Neil glanced warily over at the sleeping Jason.
“Does Asano ever scare you at all?” he asked quietly. “Most of the time he seems ridiculous, but sometimes he really, really doesn’t. When he just walked into that town and killed all those bandits. The way he looked at them, like they were nothing.”
“Jason is good at being what he needs to be, in order to do what he needs to do,” Clive said, likewise speaking softly. “Sometimes, what he needs to do is kill a lot of people. And yes; seeing what he becomes to do that does scare me a little.”
“Hopefully, it scares the Builder, too. From the Builder’s perspective, pulling in the church for this must seem like a waste, now. He brought along an extra silver-ranker who didn’t accomplish anything but die.”
“Their rush to put us down cost them one of their most powerful people,” Clive said. “Whatever else, we can be certain that the Builder isn’t happy.”
“This has worked out very well,” the Builder said. “Losing Hendren’s power is a blow, obviously, but he was a reluctant ally at best.”
“You want to step up the kind of procedure we use on his people,” Zato said.
“Precisely,” the Builder agreed. “Now that the church’s leadership here is dead, there is little concern about any survivors reporting to their god when we are done here. We no longer have to take half-measures in converting the clergymen, to protect Hendren’s sensibilities.”
“There are other bronze-rankers in their number,” Zato said.
“None who held a leadership position like Lasalle. That they died together helps us more than either of them surviving.
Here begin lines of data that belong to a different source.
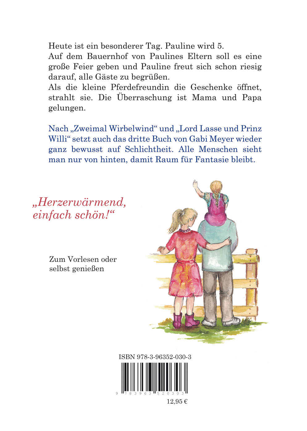 Nach "Zweimal Wirbelwind" und "Lord Lasse und Prinz Willi" setzt auch das dritte Buch von Gabi Meyer wieder ganz bewusst auf Schlichtheit. Alle Menschen sieht man nur von hinten, damit Raum für Fantasie bleibt.
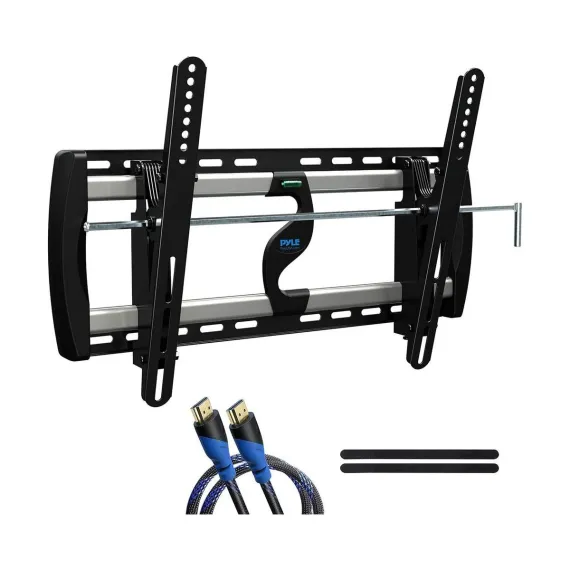 The Pyle TV Wall Mount Bracket, model PYWM24, is a durable and versatile solution for mounting your flat-screen TV. Designed to fit 26" to 52" screens, this mount supports up to 110 lbs, making it perfect for various TV models. The tilt feature allows for easy angle adjustment to reduce glare and improve viewing comfort. Constructed from heavy-duty steel, this mount is built to last, with a space-saving design that keeps your TV securely in place while providing easy access to outlets and cables.
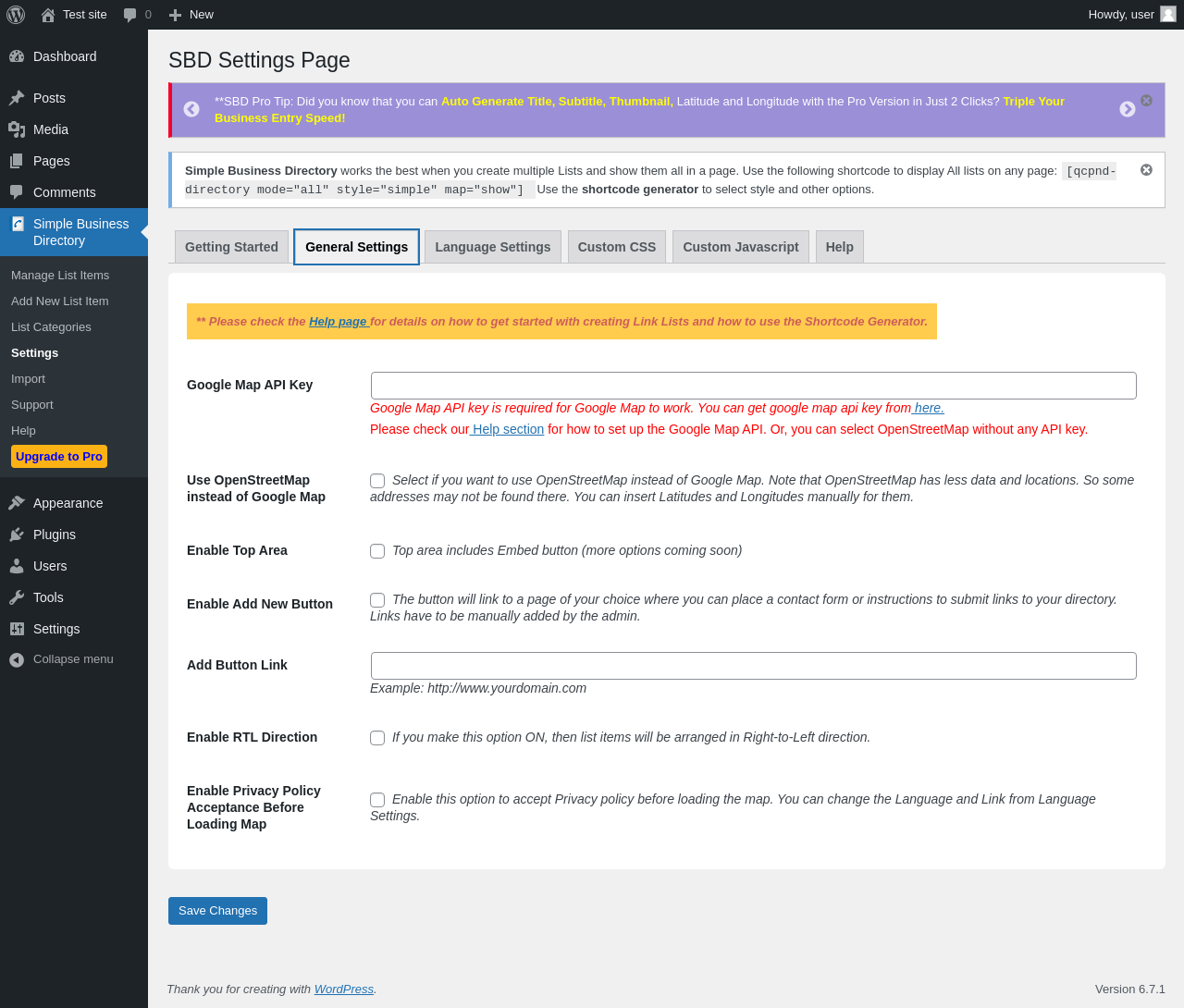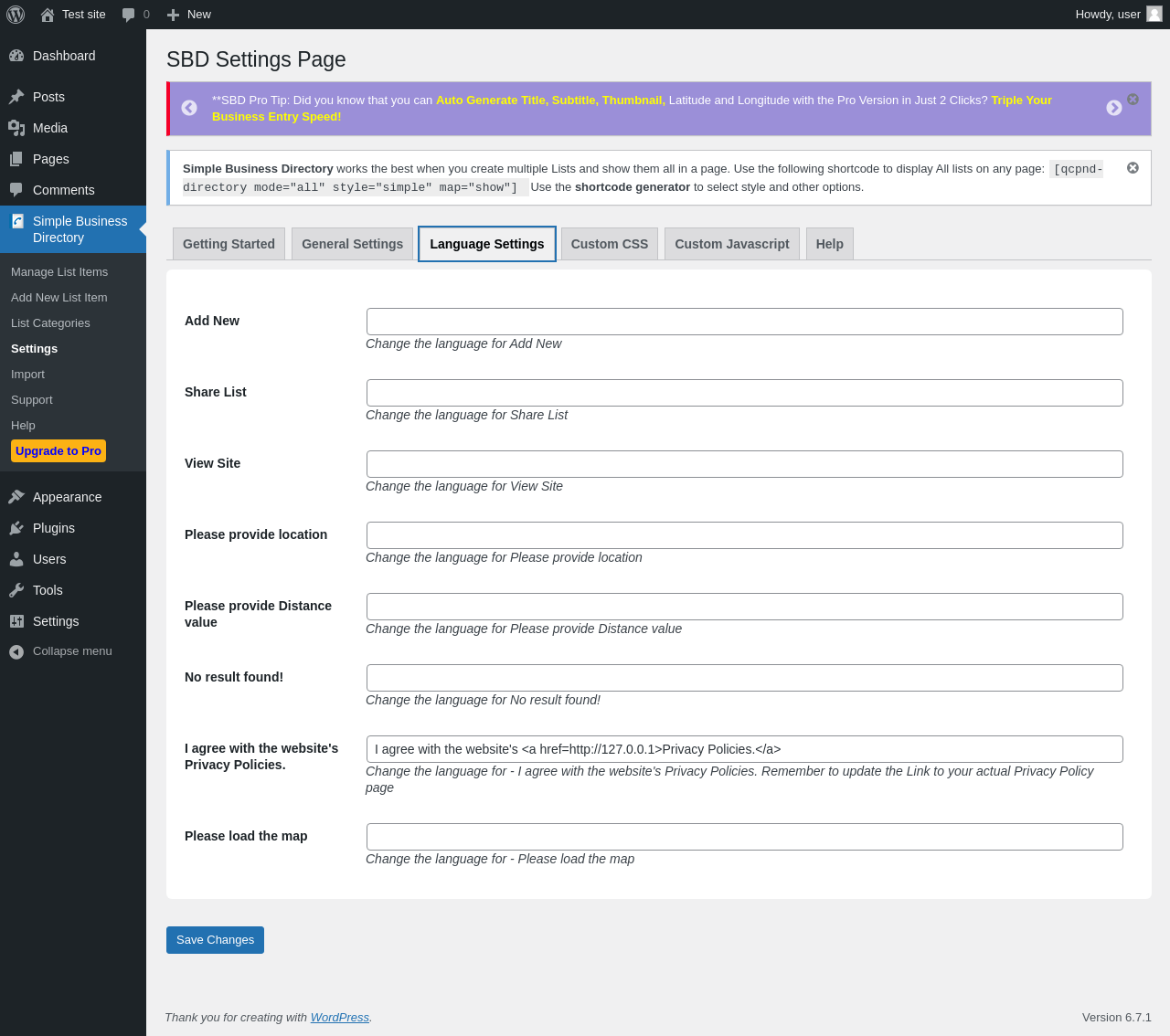 Does Simple Business Directory work with WordPress 6.7.1 and PHP 8.1.12? A smoke test was performed on .

None of the remaining clergy will be able to pull the rest together and effectively resist our intentions. Take them into custody and prepare the iron-rankers for immediate conversion.”
“What do we do with their bronze-rankers?” Zato asked. “We can’t convert them with clockwork cores we get from sacrificing our iron-rankers.”
“That is a question,” the Builder said. “The failure to summon the clockwork king and the cores it could produce truly was the beginning of things going wrong with your operations. If your former superiors had the ability to adapt to circumstances you have demonstrated, we would be in a better position right now. You have demonstrated a talent for making the most of what you are given. What do you suggest?”